*** Material supplied Section Begins ***

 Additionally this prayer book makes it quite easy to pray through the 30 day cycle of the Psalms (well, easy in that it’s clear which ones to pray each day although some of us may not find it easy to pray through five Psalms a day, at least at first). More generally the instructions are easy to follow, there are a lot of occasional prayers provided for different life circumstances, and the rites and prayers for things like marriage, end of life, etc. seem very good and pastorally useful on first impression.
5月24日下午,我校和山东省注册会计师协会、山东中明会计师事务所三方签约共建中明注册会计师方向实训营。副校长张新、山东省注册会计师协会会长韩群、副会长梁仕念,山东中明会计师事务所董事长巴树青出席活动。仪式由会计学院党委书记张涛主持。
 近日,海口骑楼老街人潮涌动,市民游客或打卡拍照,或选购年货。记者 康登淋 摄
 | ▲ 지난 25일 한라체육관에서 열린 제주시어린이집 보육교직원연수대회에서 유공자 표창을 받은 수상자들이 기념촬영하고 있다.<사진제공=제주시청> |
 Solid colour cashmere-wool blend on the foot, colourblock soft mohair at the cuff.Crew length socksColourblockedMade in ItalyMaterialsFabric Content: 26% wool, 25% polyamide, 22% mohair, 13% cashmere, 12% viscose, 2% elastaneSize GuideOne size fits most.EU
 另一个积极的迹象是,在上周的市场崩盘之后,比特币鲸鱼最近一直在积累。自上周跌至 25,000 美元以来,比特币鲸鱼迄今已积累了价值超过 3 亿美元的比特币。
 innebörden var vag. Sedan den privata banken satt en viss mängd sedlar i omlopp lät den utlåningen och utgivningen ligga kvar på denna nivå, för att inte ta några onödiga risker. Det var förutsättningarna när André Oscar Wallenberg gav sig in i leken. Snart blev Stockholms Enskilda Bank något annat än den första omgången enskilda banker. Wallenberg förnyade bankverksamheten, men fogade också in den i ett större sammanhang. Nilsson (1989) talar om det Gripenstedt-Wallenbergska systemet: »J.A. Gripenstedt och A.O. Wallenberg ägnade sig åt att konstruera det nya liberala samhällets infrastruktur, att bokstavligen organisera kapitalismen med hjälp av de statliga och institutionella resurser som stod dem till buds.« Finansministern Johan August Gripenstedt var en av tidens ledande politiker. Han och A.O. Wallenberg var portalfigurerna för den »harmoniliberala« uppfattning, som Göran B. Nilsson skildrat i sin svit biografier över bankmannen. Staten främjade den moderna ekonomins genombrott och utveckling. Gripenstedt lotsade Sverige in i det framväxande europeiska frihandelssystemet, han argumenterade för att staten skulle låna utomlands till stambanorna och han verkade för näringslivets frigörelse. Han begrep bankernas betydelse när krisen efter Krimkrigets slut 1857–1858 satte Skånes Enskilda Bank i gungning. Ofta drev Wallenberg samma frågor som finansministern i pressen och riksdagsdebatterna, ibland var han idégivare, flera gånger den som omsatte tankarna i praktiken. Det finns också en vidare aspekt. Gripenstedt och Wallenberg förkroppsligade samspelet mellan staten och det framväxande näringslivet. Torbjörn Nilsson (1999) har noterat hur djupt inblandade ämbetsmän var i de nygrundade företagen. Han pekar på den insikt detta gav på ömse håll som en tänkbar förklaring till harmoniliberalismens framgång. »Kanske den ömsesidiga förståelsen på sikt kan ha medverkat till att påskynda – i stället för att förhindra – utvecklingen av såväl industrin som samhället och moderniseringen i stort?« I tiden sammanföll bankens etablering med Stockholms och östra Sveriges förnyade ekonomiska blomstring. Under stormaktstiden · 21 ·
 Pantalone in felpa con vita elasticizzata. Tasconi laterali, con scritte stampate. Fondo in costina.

*** Material supplied Section Ends ***
*** Material supplied Section Begins ***

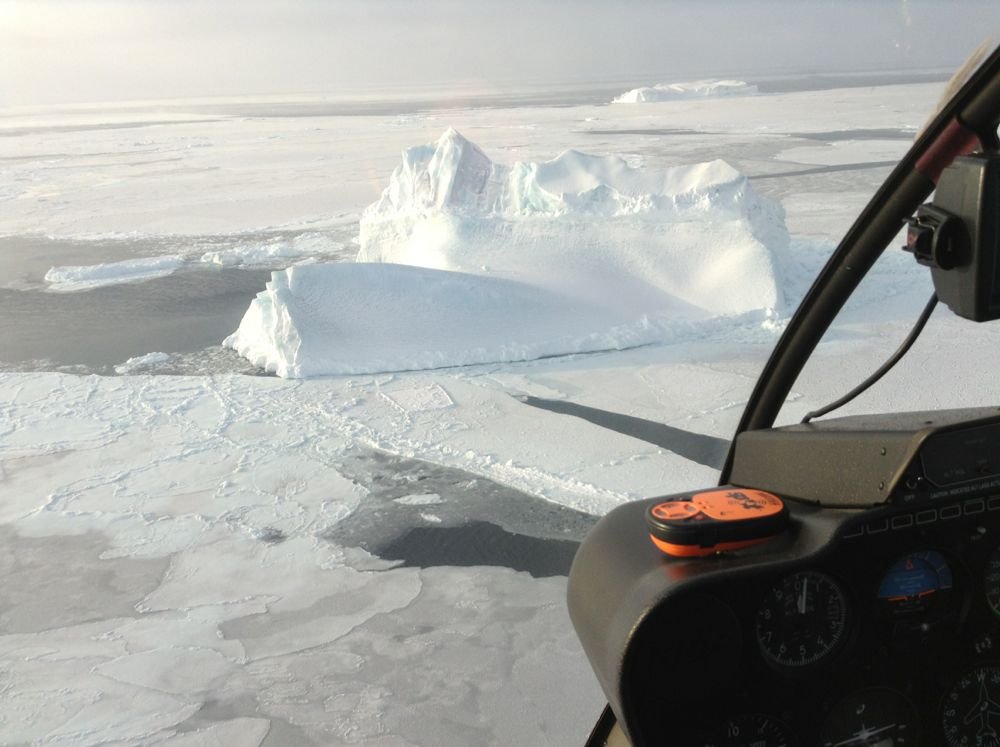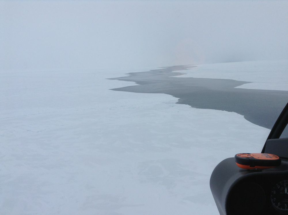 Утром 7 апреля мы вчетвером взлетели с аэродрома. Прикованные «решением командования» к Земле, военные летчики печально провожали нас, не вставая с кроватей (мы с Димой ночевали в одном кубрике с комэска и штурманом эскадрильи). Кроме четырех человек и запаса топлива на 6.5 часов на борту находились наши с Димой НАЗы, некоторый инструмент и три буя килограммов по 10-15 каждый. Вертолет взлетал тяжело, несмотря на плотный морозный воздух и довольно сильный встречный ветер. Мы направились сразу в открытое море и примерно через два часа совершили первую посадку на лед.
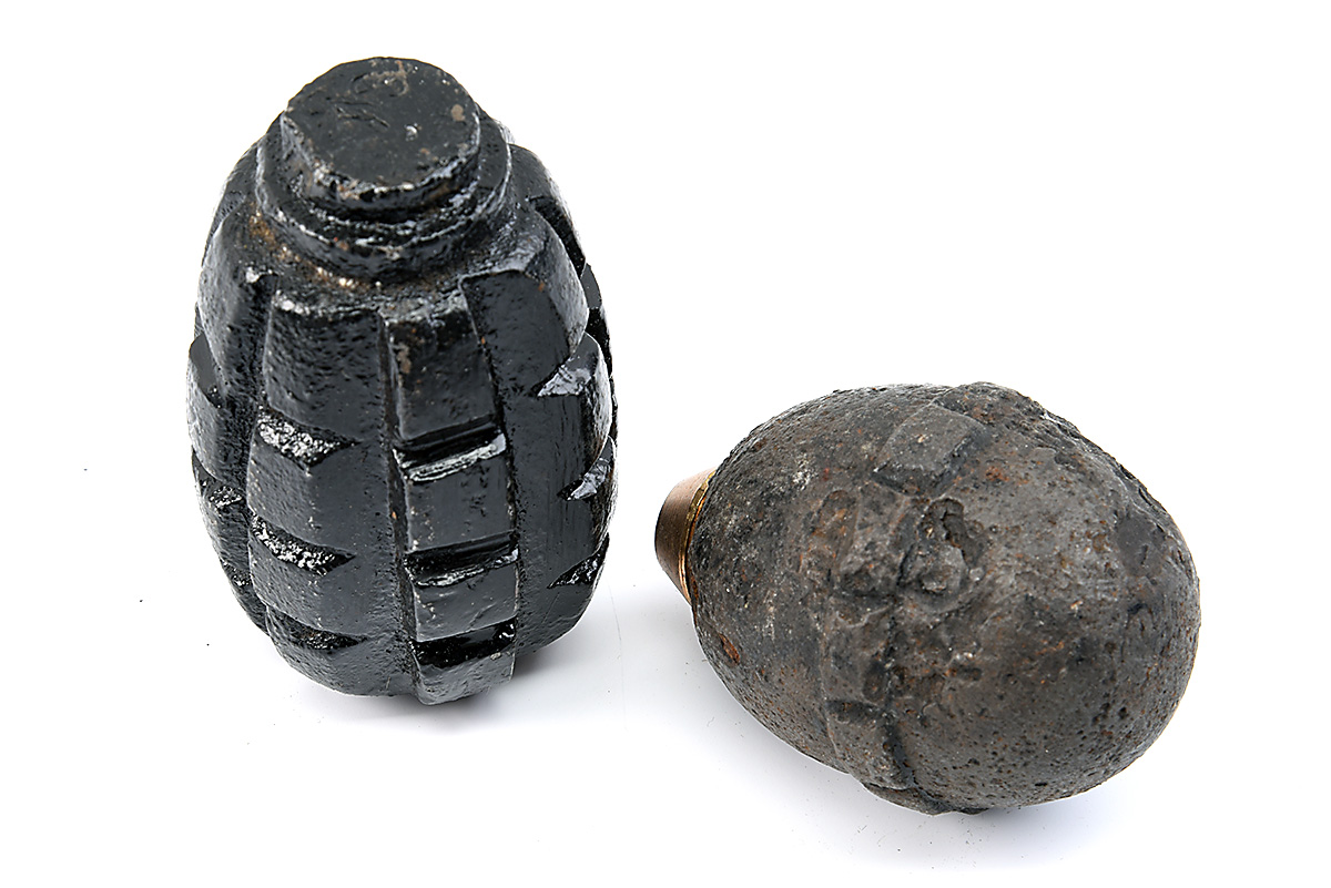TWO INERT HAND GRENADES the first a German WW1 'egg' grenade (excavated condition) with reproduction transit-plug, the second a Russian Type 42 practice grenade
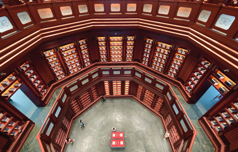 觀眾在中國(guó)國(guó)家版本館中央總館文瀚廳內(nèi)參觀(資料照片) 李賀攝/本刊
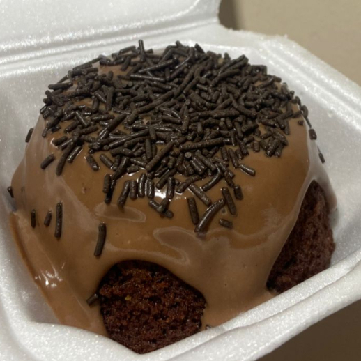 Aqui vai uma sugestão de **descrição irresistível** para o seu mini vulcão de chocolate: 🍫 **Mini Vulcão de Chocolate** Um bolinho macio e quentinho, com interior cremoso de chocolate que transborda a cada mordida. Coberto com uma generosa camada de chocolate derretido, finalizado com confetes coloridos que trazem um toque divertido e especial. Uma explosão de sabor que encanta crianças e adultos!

*** Material supplied Section Ends ***

● Task description
Out of the material above, output word for word the line with "近日,海口骑楼老街人潮涌动,市民游客或打卡拍照,或选购年货。记者 康登淋 摄", the line with "기념촬영하고 있다.<사진제공=제주시청> |", and all lines between them, with nothing else.

● Response box
 近日,海口骑楼老街人潮涌动,市民游客或打卡拍照,或选购年货。记者 康登淋 摄
 | ▲ 지난 25일 한라체육관에서 열린 제주시어린이집 보육교직원연수대회에서 유공자 표창을 받은 수상자들이 기념촬영하고 있다.<사진제공=제주시청> |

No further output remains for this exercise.